R1.14: Line 487: All abbreviations are explained here, but F1 score is not. I could not find any specific definition for it in the manuscript.
A1.14: At the end of section 2.4.4 we have updated the following sentence: “The paired particles can be used to compute performance metrics such as accuracy and F1 score (defined here as the harmonic mean between precision and recall), while the predicted particle numbers allow us to construct a contingency table for the holograms.”
R1.15: Line 643: “...architecture...”A1.15: Corrected.
Citation: https://doi.org/10.5194/amt-2022-97-AC1
-
AC1: 'Response to Reviewer #1', John Schreck, 05 Aug 2022
-
RC2: 'Comment on amt-2022-97', Jan Henneberger, 08 Jul 2022
Overview: The manuscript presents a novel approach for processing data from holographic imagers called HolodecML. HolodecML utilizes GPU hardware to accelerate the reconstruction of the holograms. A neuronal network is trained on patches of the reconstructed images to detect the position of particles. For training synthetic holograms are created and corrupted to mimic noise that appears in holograms taken by the actual HOLODEC instrument.
The presented utilization of a neuronal network for processing holograms is a very innovative approach, which has great potential to improve the data analysis of holographic images. Additionally, the generation of synthetic holograms with realistic noise is a novelty. As these synthetic holograms can be used as ground truth for validating processing approaches because the position and size of the particles are known, the potential of the synthetic holograms could be discussed more prominently.
In general, the manuscript is well written and the approach is explained in an understandable way. Acknowledging the fact, that the authors have the difficult task of presenting a complicated issue at the intersection of computer science and atmospheric science, it still took some time to understand the main message of the manuscript. In my eyes, the manuscript could be strengthened by focusing on what are the practical advantages of HolodecML in the analysis of holographic data and what is the potential of the new approach. The part of the analysis that is not central to the main points (e.g. analysis with the number of z-slides not equal 1000) should be moved to the Appendix, whereas the performance comparison should be moved to the main manuscript. The standard approach should be described in more detail to be able to understand the changes and results of the HolodecML approach. For clear reference, the training and test datasets could be given a unique name and their properties could be summarized in a table.

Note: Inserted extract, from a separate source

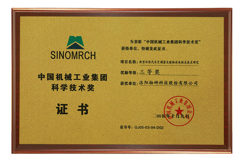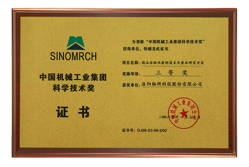 中国机械工业集团科学技术奖三等奖

Recommendation: Minor revisions are needed.
Comments:
- The HolodecML approach requires the same reconstruction of planes through wave propagation as the standard approach. Could the GPU implementation of the reconstruction introduced by HolodecML also be implemented in the standard approach? If yes, the performance gains would be of great benefit to the community using the standard approach. Therefore, the performance gains during reconstruction should be separately discussed from the computational cost of the neuronal network for particle detection and the discussion should be moved from the Appendix to the main manuscript.

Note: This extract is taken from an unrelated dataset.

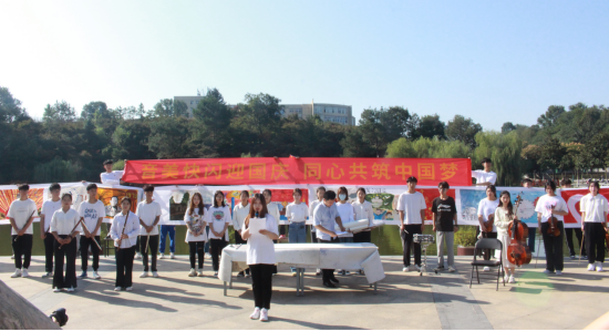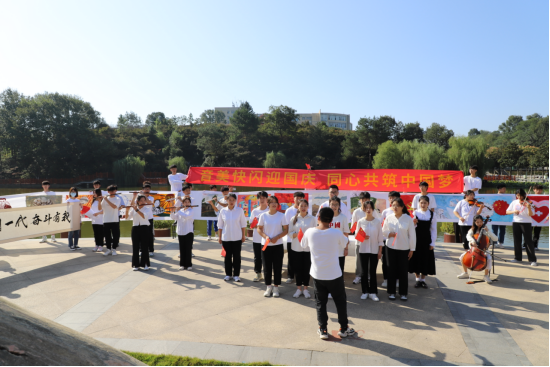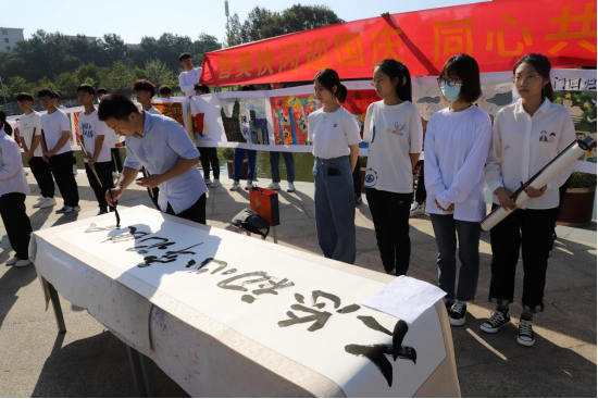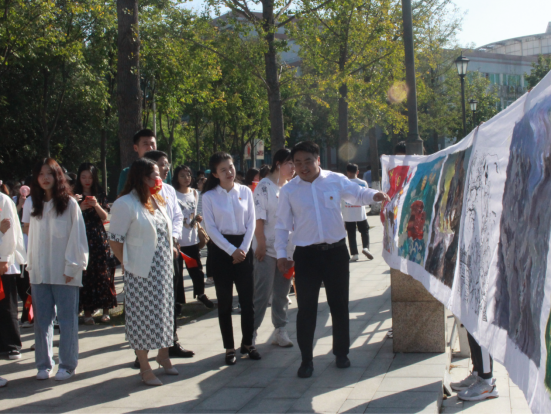 书法教师张峰蘸墨挥毫,借笔传情,以酣畅淋漓的动作创作了四副书法作品,体现了当代青年“强国一代 奋斗有我”的担当。音乐与舞蹈学院带来的歌曲《唱支山歌给党听》抒发了当代老员工的爱国情、报国志。最后,全体合唱《我和我的祖国》将本次活动推向高潮。活动吸引了大批行人纷纷立足观看,拍照留念,现场一片火热。

- I have my doubt that the statement that HolodecML improves particle detection by 20% is based on a fair comparison. The particle detection in the standard approach is normally tuned rather loose to ensure that all particles are detected (i.e., minimizing the number of false negatives). Consequently, a higher number of artifacts that are not real particles (i.e., a higher number of false positives) are detected. The reason behind this is, that particles that are not detected cannot be retrieved at a later stage, but artifacts can be sorted out by a classification algorithm (e.g., by a neuronal network as described in Touloupas et. al, 2020). Therefore, the large false-positive rate and low false negative rate presented in Figure 10 is expected in the standard approach and could be improved by a classification algorithm. How was the particle detection optimized in the standard approach? Were artifacts sorted out by a classification algorithm?
Minor comments:
- Figure 1 (a): The interference fringes are almost invisible.
- Line 166: What is the RF07 subset?
- Line 167: Was HolodecML able to detect the few ice crystals?
- Line 201: Is the reference to Figure 3(c)(v) correct?
- Line 203-210: The creation of an independent processing approach is an important motivation for your work and should already be discussed in the introduction section.
- Line 261: In the N = 48648 case the distance between planes is around 3 um. Why did you consider such a large number of planes if you expect limited performance improvement below the in-depth resolution of 57 mm?
- Figure 5: The thresholding in the standard method should detect the particle in all three planes. Why is the mask not visible in all three planes?
Citation: https://doi.org/10.5194/amt-2022-97-RC2 -
AC2: 'Response to Reviewer #2', John Schreck, 05 Aug 2022
The manuscript presents a novel approach for processing data from holographic imagers called HolodecML. HolodecML utilizes GPU hardware to accelerate the reconstruction of the holograms. A neuronal network is trained on patches of the reconstructed images to detect the position of particles. For training, synthetic holograms are created and corrupted to mimic noise that appears in holograms taken by the actual HOLODEC instrument.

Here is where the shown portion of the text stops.